The IMF recommendations are part of a trend in the international debate around the management of national economies, which has been giving greater prominence to the role of the State (Cherif, Engher and Hasanov, 2020). Martin Sandbu (2021), based on the recent positions of the IMF and the World Bank, suggests that there would be a “new Washington Consensus” which, in turn, would be less fiscalist, since the focus of these institutions would now be on efficiently carry out public spending and not reduce it.

In conclusion, it is still too early to say whether there is a deeper and more permanent shift in the IMF's positions or whether this change in the institution's posture will only remain as long as the most perverse effects associated with the Covid-19 pandemic last. However, it is important to point out that while the IMF – an institution that has historically pressured countries in their adjustment policies aimed at guaranteeing fiscal adjustment measures when there is an increase in public debt – has highlighted the importance of an expansive fiscal policy during the pandemic period; the Brazilian government has been concerned with the opposite, as if the pursuit of a fiscal adjustment and the reduction of the State's role in the economy would guarantee the resumption of the country's growth, something that has not happened.

Thus, despite the beginning of 2021 being marked by the second wave of Covid-19, the center of the government's agenda was to forward new proposals for fiscal adjustment. While inequalities are accentuated, and the economy remains in perspective of low recovery, the economic agenda seems to be built as if, in 2021, the country had already recovered and immune to the pandemic. Thus, while the spending ceiling remains the main economic concern and there is no clear long-term growth strategy for the Brazilian economy, it does not seem possible to us that the country will be able to adequately face the effects of the pandemic, nor achieve a long-term development trajectory.

* Luiz Fernando de Paula is a professor at the Institute of Economics at the Federal University of Rio de Janeiro (IE/UFRJ). author of Financial system, banks and finance of the economy (Campus).

*Camila Vaz is a doctoral student in sociology at the Fluminense Federal University (UFF).

*Pedro Lange Netto Machado is a doctoral candidate in Political Science at IESP/UERJ.

References


ECLAC (2021). Statistical Yearbook for Latin America and the Caribbean 2020. Santiago: CEPAL.

Cherif, R.; Engher, M. and Hasanov, F. (2020). Crouching Beliefs, Hidden Biases: The Rise and Fall of Growth Narratives. IMF Working Paper, WP/20/228.

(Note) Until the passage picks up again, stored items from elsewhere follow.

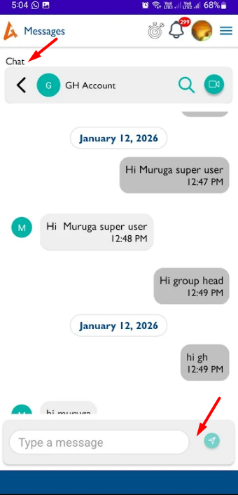 openChat (Message input box):- Type a Message box and send icon should be aligned properly,
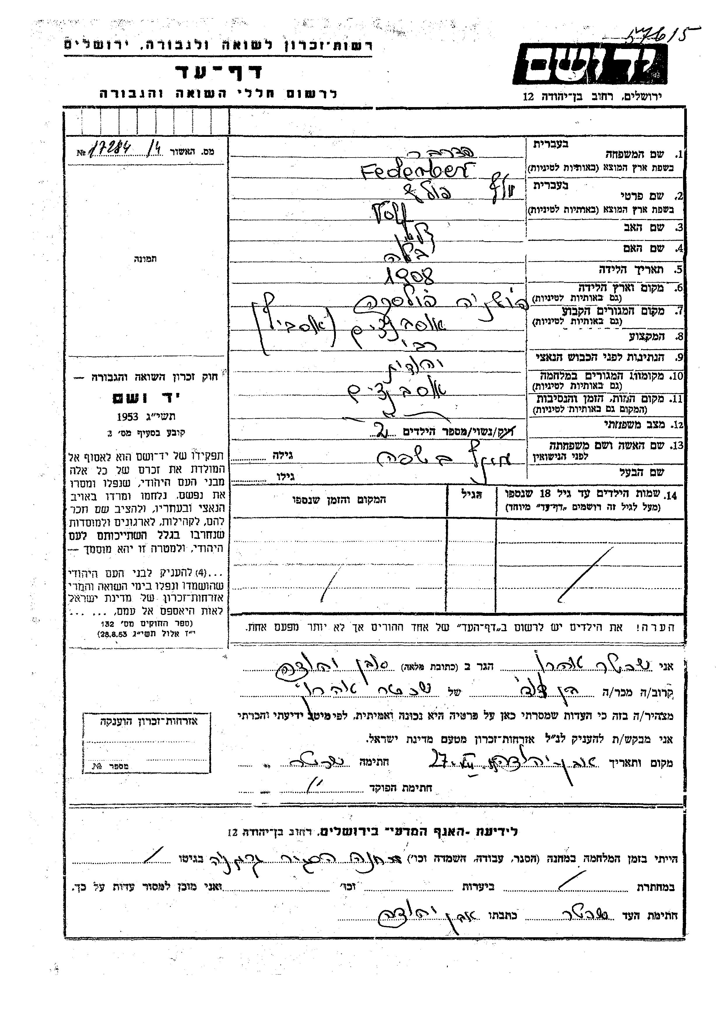 Volf Federber Ferderber wurde im Jahr 1908 in Polen geboren. Er war der Sohn von Kalman und Bela. Er war Rabbiner und mit Batsheva, geb. Mintz Verheiratet. Vor dem Zweiten Weltkrieg lebte er in Oświęcim, Polen. Während des Krieges war er in Oświęcim, Polen.
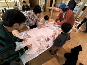 また、その意味や特徴の話を聞きました。それぞれ地域独自の形や文化が残ってきていることに感激しながら、亀岡の凧とはどんな形になるのか。作りながら考えることにしました。
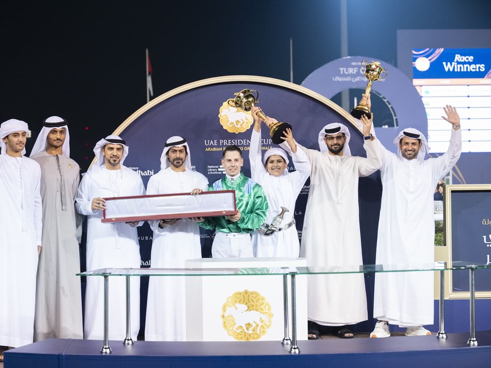Awarding the winner of the 7th race, known as the HH The President Cup for Arabian Purebred Horses (Group 1), the richest race of the evening with a prize purse of AED8 million, he highlighted that the UAE President Cup embodies the leadership’s commitment to preserving the nation’s equestrian heritage.
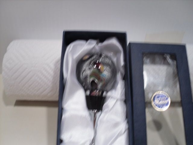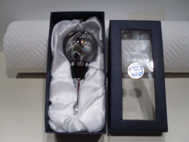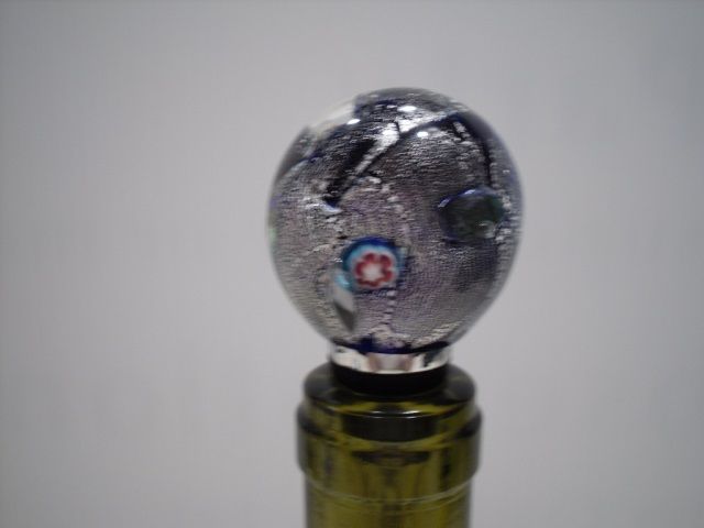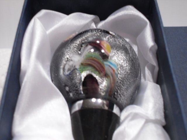 This ball is multicolored inside.This wine stopper is from the Cristalleria Ann Primrose Murano Collection d'arte. Comes in original box.

IMF (2020). Fiscal Monitor: Policies for the Recovery. Accessed March 14, 2021 and available at .

IMF (2021) Tax Monitor: A Fair Shot. Washington, April.

Gonçalves, R., Nascimento, JC, Oliveira, AA, Michelman, C., Guidolin and P., Melo, G. (2021). Impacts of emergency aid on income and the Gini index. Note from Cecon n.16, April.

Morgan, M. (2018). Income inequality, growth and elite taxation in Brazil: new evidence combining survey and fiscal data, 2001–2015. IPC-IG Working Paper at the. 165, Feb.

OECD (2021), https://www.oecd.org/economy/weekly-tracker-of-gdp-growth, accessed on 05/04/2021.

Oreiro, JL and Paula, LF (2021). Macroeconomics of Brazilian Stagnation. Rio de Janeiro: Alta Books.

Sanches, M.; Cardomingo, M.; Carvalho, L. (2021). How much deeper could that well have been? Analyzing the stabilizing effect of Emergency Aid in 2020. Economic Policy Note n.007, MADE/USP, February.

Vilella, C., Vaz, C., and Bustamante, J. (2020). Survey and analysis of economic measures adopted during the COVID-19 pandemic.  Economic Policy Note GESP IE/UFRJ, June.